- **What the task requires**:
Your answer must be the exact lines from the one holding "Kommt immer erst" through the end of the entries, with no pictures.

Collected data entries
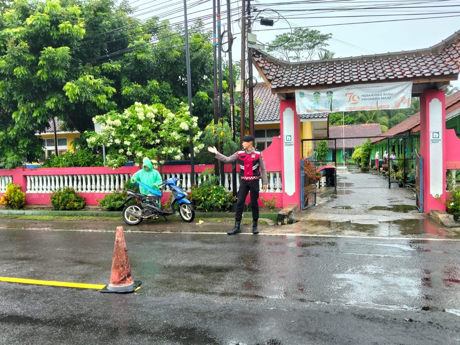 Kondisi cuaca yang tidak mendukung justru mempertegas pentingnya pengawasan lalu lintas secara langsung, terutama di area sekolah yang dipadati anak-anak dan orang tua yang mengantar mereka.
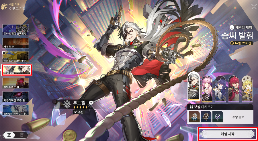부트힐 전택 후 체험 시작 클릭
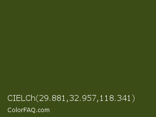 CIELCh 29.881,32.957,118.341 Color is a very dark lime color and the nearest color is Clover #384910. Hex code #3c4c16 and RGB value is rgb(60,76,22). In RGB color space, this color is composed of 24% red, 30% green, 9% blue, In CMYK color space, this color is composed of 21% cyan, 0% magenta, 71% yellow , 70% black , In HSL color space, this color has a hue angle of 78° , 55% saturation and 19% lightness.
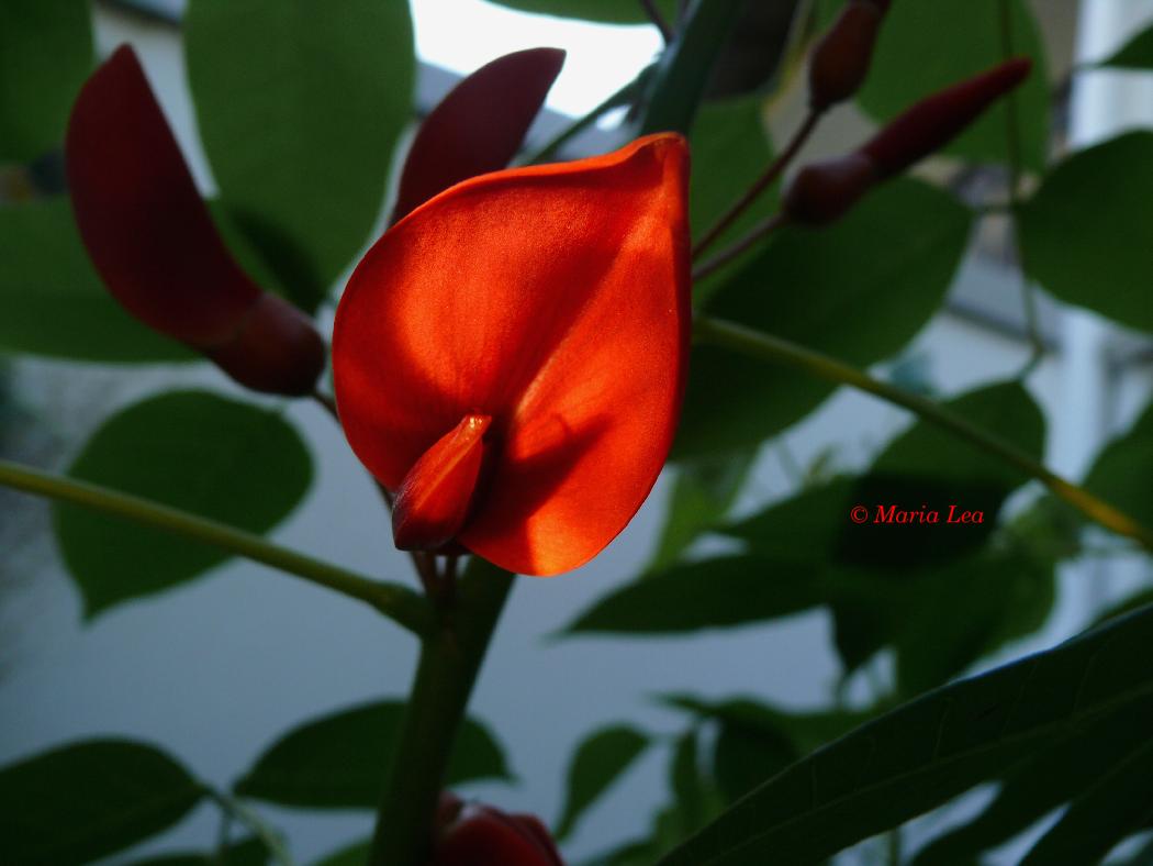 Kommt immer erst spät zur Blüte - Korallenstrauch 'Erythrina crista-galli' bei uns als Kübelpflanze auf der Terrasse.
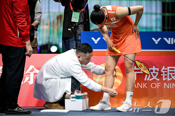 '셔틀콕 여제' 안세영이 12일(한국시간) 중국 닝보에서 열린 2026 아시아배드민턴선수권대회 여자 단식 결승전 중국의 왕즈이와의 경기에서 의료진의 치료를 받고 있다. 안세영은 세계 랭킹 2위 왕즈이에 1시간 40분 동안 펼쳐전 혈전 끝에 게임 스코어 2대1(21대12, 17대21, 21대18) 승리를 거두며 시니어 무대 진입 뒤 처음으로 아시아 선수권을 제패했다. © 신화=뉴스1
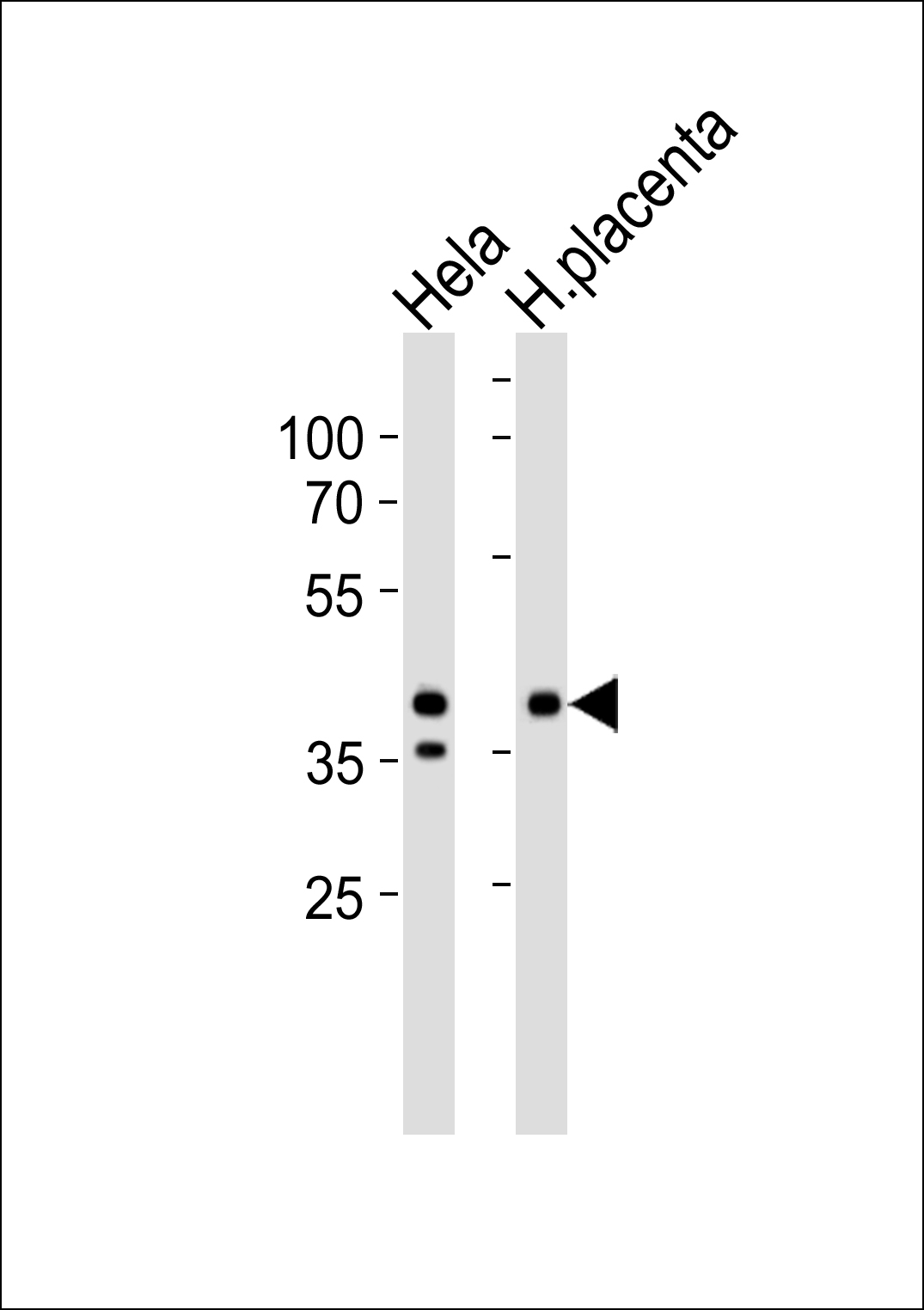 Western blot analysis of lysates from Hela cell line and human placenta tissue lysate (from left to right), using IDH3B Antibody (N-term) ( APR07935G). APR07935G was diluted at 1:1000 at each lane. A goat anti-rabbit IgG H&L(HRP) at 1:5000 dilution was used as the secondary antibody. Lysates at 35ug per lane. |

- **Solution for this problem**:
 Kommt immer erst spät zur Blüte - Korallenstrauch 'Erythrina crista-galli' bei uns als Kübelpflanze auf der Terrasse.
 '셔틀콕 여제' 안세영이 12일(한국시간) 중국 닝보에서 열린 2026 아시아배드민턴선수권대회 여자 단식 결승전 중국의 왕즈이와의 경기에서 의료진의 치료를 받고 있다. 안세영은 세계 랭킹 2위 왕즈이에 1시간 40분 동안 펼쳐전 혈전 끝에 게임 스코어 2대1(21대12, 17대21, 21대18) 승리를 거두며 시니어 무대 진입 뒤 처음으로 아시아 선수권을 제패했다. © 신화=뉴스1
 Western blot analysis of lysates from Hela cell line and human placenta tissue lysate (from left to right), using IDH3B Antibody (N-term) ( APR07935G). APR07935G was diluted at 1:1000 at each lane. A goat anti-rabbit IgG H&L(HRP) at 1:5000 dilution was used as the secondary antibody. Lysates at 35ug per lane. |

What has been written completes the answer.